Their critique largely focused on the sample becoming polluted and not controlling all of the variables.
More on that in a moment.
It was pretty humbling, but it really got me thinking not just about how we set up tests, but the context in which the tests are run.
If we think back to science lessons at school, whenever you’d run an experiment, you had a control and a test variable.
The number one rule with any test was that you just changed one thing; that way, you could be sure that if the outcome changed, the change caused the result.
The problem with ad testing is that the context in which the ad is shown changes, and there is very little you can do to control that.
If you’re showing ads in Google’s search results, every time an auction happens, different results are returned.
If you’re showing your ads across the country, there will be different competitors in different regions, so the ads that you’re appearing against will change depending on the location of the searcher.
The offers that your competitors are running will affect your performance. If a competitor comes in with a much better offer or discount, your CTR will drop significantly, which would have nothing to do with the change you’ve made to your ad copy.
As different competitors bid differently throughout the day, your ad will appear in different positions, affecting your CTR and the traffic you receive.
These external factors result in a huge amount of sample pollution, rendering your scientific testing approach risky at best and, at worst, useless.
Marketers apply complex scientific models like statistical significance and testing power to polluted samples, giving them a fantastically accurate determination of a completely inaccurate data set.
Something you’d hardly call scientific.
What is the solution if you want to keep on testing and reduce the variables as much as possible?

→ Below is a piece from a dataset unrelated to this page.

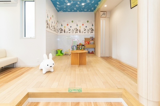 キッズスペースが、待合室・診療室内・屋外の計3か所にございます。屋外のキッズスペースにはすべり台を設置。待合室では、子供さんが楽しく遊べるおもちゃなどを備えています。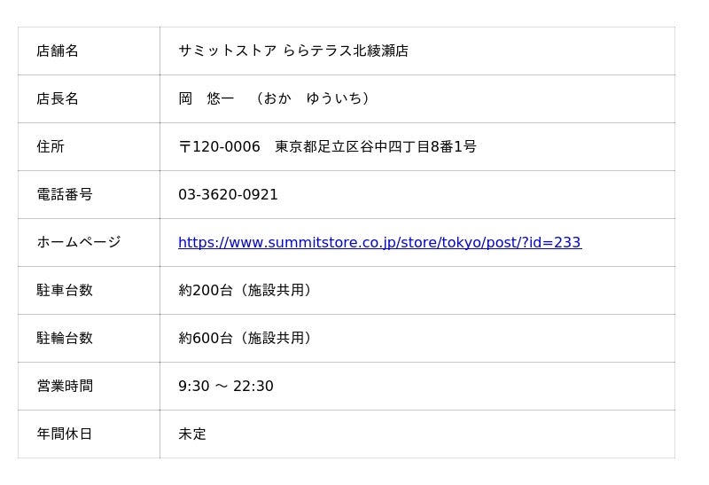 北綾瀬駅直結の“食のテーマパーク” サミットストアららテラス北綾瀬店がグランドオープン

The best solution comes from the world of conversion rate optimisation. To reduce the impact of external pollution, such as a competitor changing an offer, you should keep the testing period as short as possible.
You still want to generate a lot of data to conclude the test with some certainty. However, in reality, this restricts the number of people who can run ad tests to those with high-volume accounts with a lot of click and conversion data.
To help you keep your testing period as short as possible, here are some things I’ve picked up that you can use;
Use consolidated ad structures; these are structures that drive a lot of volume through smaller numbers of ads, allowing you to get more data faster and test with more certainty.
Run your tests in the highest volume areas of your accounts. For example, if you run local campaigns, then you’d want to choose your highest volume locations.
When it comes to being scientific in your marketing testing, controlling the context in which the ads are shown and the variables that they create is vitally important.
Like conversion rate optimisation, scientific ad testing is really reserved for advertisers with large volumes of data that can run tests in very short periods of time, getting enough data to draw a conclusion that they can be confident in while limiting the amount of pollution in their sample set.
In reality, for those who have a small amount of click volume (if testing CTR) or conversion volume (if testing towards revenue or CVR), testing in a scientific manner is prohibitive due to the sample being too polluted by external factors.
So is scientific testing actually scientific?
When it comes back to answering the question then, is marketing testing “scientific”?
Claiming testing is scientific, in most cases, then, isn’t strictly true, or at least not in the hard science “standards of experimentation”.
But maybe it can with “soft sciences”.
Psychology is a science, but it’s often called a “soft science”. One of the reasons is the methodology.
Compare it to, say, physics or chemistry, a “hard science”. If we conduct an experiment to determine how iron rusts, we know that each piece of iron will be the same. Thus, the experiment can be rigorous and can also be replicated.
Within psychological experiments, it is impossible to control all variables, much like marketing, because every individual is a variable. We all have our own unique qualities. This makes the replication of our experiments far harder to achieve.
Therefore, we can run tests to the standards that would hold up to softer science standards, and by following the recommendations and keeping the sample sizes as unpolluted as possible, there is still plenty of success to be had.